La réanimation médicale est une unité de soins critiques spécialisée dans le diagnostic et le traitement des pathologies sévères au stade aigu. Les personnes qui y sont admises présentent au moins une défaillance d’une fonction vitale nécessitant fréquemment le recours à la ventilation mécanique, à une sédation de courte ou de longue durée et à des traitements vasopresseurs(1). Cela rend cette population particulièrement sujette aux escarres, avec cinq fois plus de risque de développer des lésions cutanées que dans d’autres services(2, 3).

INTRODUCTION

L’escarre s’apparente à « une lésion cutanée d’origine ischémique liée à une compression des tissus mous entre un plan dur et les saillies osseuses », et naît de multiples facteurs intrinsèques (cliniques) liés au patient ou extrinsèques (mécaniques) liés à l’environnement(4). En réanimation, la gravité de l’état initial, l’âge, le poids, l’immobilité, l’altération du rapport perfusion/oxygénation, la mise en place de vasoconstricteurs et la durée moyenne de séjour sont des facteurs prédictifs du risque d’escarre(2). Une fois présente, elle « entraîne principalement douleur et infection(5) ». En effet, 45,9 % des patients porteurs d’escarre (s) font des infections nosocomiales, et 86,5 % des complications durant leur hospitalisation(6).

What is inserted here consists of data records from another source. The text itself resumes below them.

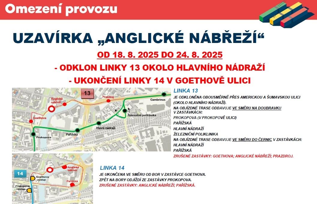 Z důvodu havárie na kanalizačním řadu na Anglickém nábřeží v Plzni dojde od pondělí 18. srpna do 24. srpna k odklonu trolejbusové linky 13 okolo Hlavního nádraží a k ukončení linky 14 v Goethově ulici.
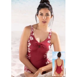 Dámske jednodielne plavky talianskej značky Siélei. Plavky majú všitú podprsenku, ktorá má vystužené košíčky. Pod košíčkami je vystužený pás, ktorý dobre drží prsia. Plavky majú dĺžkovo nastaviteľné ramienka. Plavky sú celé podšité rýchloschnúcou látkou. Plavky sú v peknej bordovej farbe a na bokoch sú svetlé kvety, ktoré vytvárajú zaujímavý kontrast k plavkám.
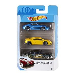 Hot Wheels K5904 – 3er Geschenkset 1:64 Die-Cast Fahrzeuge sortiert, Autobahnen/Zubehör, Spielzeug ab 3 Jahren
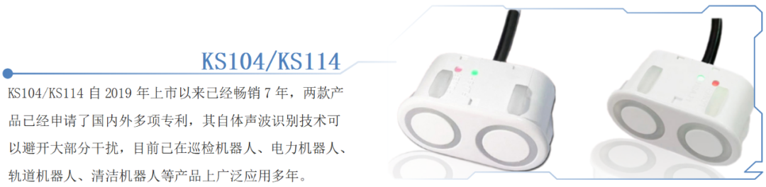 KS114還衍生出了多款針對特殊環境的高性能產品,如KS114N,在零下40℃的極寒低溫環境也可以正常工作;KS114NE,可以抗電磁干擾,其允許臨近電機布置而不被干擾,而其自體聲波識別技術則可以避開大部分同頻干擾。這些性能優勢,有利于巡檢機器人在變電站、配電房等場所保持穩定精準的環境感知。
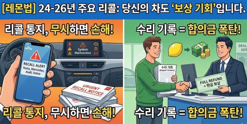 [레몬법] "내 차도 혹시?" 24-26년 주요 리콜, 무시하면 수천-수만 불 손해 보는 이유

En France, l’étude « Pressure »(2) recense une prévalence d’escarres de 18,7 % dans les unités de soins de réanimation, dont une incidence de 12,5 %. Plus de 40 % sont de stades 3 et 4. Les lésions de décubitus les plus fréquentes sont les escarres sacrées (57,4 %) et talonnières (35,2 %)(2). Cela représente une comorbidité supplémentaire et engendre « une consommation accrue de soins et de ressources(5) ». Une étude américaine a évalué l’impact des escarres, lesquelles multiplieraient par 2,6 les coûts en matière de soins et doubleraient la durée d’hospitalisation(6). En 2012, l’Institut de recherche et documentation en économie de la santé estimait à 11,2 jours l’augmentation de la durée moyenne de séjour et un surcoût de 5 612 euros par patient(7). Dans ce contexte, l’équipe paramédicale doit mettre en place des moyens de surveillance et de prévention, ainsi que des protocoles de soins adaptés à la réanimation(8).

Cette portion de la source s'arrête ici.